"May I be, the man in whom you'll ever trust."
That line is from a poem, it's also from the wedding vows I told my husband nine years ago when we had our commitment ceremony. It's very special to me and I think of those words often, May I Be...
Time to backup and regroup people. My dick, or rather my horniness, has gotten ahead of me. I found myself precariously perched between my personal desires and my relationship with my husband. It wouldn't take a psychiatrist to read just a few of my below blog entries to know I've been actively researching a ton of BDSM options. This is an area that's always intrigued me, but I've never tried. I'd like to, and may very well try it soon! But not at the cost of my relationship.
My husband and I started out on our "Sexual Adventure" together with goals to add a little spice to our relationship. For a while everything was going along perfectly, every word was shared between us, every desire, every move forward. It was fantastic! We were closer than we've ever been and I secretly felt sorry for all our friends that they didn't have nearly the same closeness that we shared.
Then we hit a few roadblocks. Sick cat, sick kid, and sudden death of our family doctor. Suddenly there were a lot more important things to deal with in R/L than to talk about kinky sex. My husband held back to deal with all of this, I (ever the obsessive one) continued on. I joined several groups and arranged for a couple R/L meetings with people from the BDSM community. I thought by putting faces on these cyber people and getting to know them and losing the "scary" image we had in our minds that I'd help my husband along on the fast track towards acceptance.
Not so.... they always say "know thyself", but someone forgot the owners manual for "know thy husband!" Instead of making him more comfortable, I ended up traumatizing him. Now don't take your mind down THAT path (though it'd make a good story...), I'm not talking about tossing him into some sexual scene where they tied him up and beat him till he was bleeding! I'm talking about simply pushing past his comfort level. Past it in a LOT of different ways. On top of his fears of heterosexual men, into his fear of crowds, his intense dislike of meeting new people. Oh, and did I mention he was quizzed by someone wanting to become part of our poly relationship and make my husband his slave bitch? Yeah, he was a little freaked out.
So I've felt terrible about all this. I've felt like I failed to protect my husband in this most basic way. If he couldn't count on me to protect him from an uncomfortable conversation, how can he trust me to protect him in a dungeon filled with hot sexy BDSM scenes?
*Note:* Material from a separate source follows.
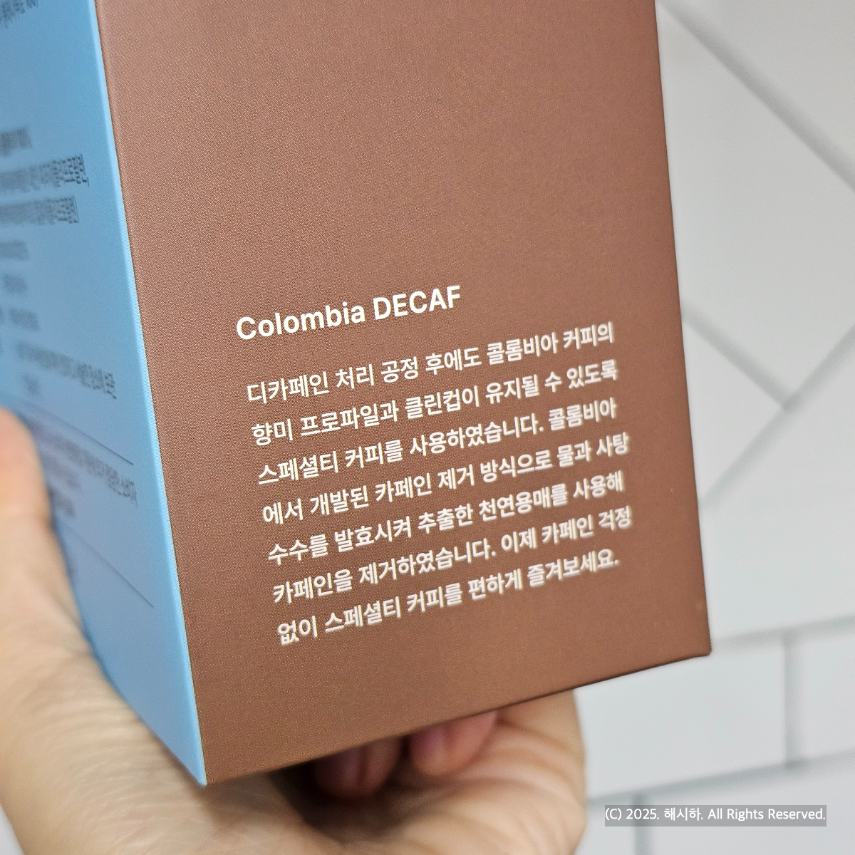 디카페인 처리 공정 후에도 콜롬비아 커피의 향미 프로파일과 클린컵이 유지 될 수 있도록 스페셜티 커피를 사용하였대요.

I'll be cutting back on any groups I'm part of now and returning my focus on our relationship. Work on getting that "warm fuzzy" feeling back between us, and then we can look into proceeding on into whatever life has in store for us. Does that mean I'm giving up on my BDSM journey? Maybe, maybe not, but my relationship is more important to me. Hopefully in the future I don't look back with regret on this decision. Hopefully I'll look back fondly and think about how incredibly HOT my relationship has become because I took the time to develop it properly.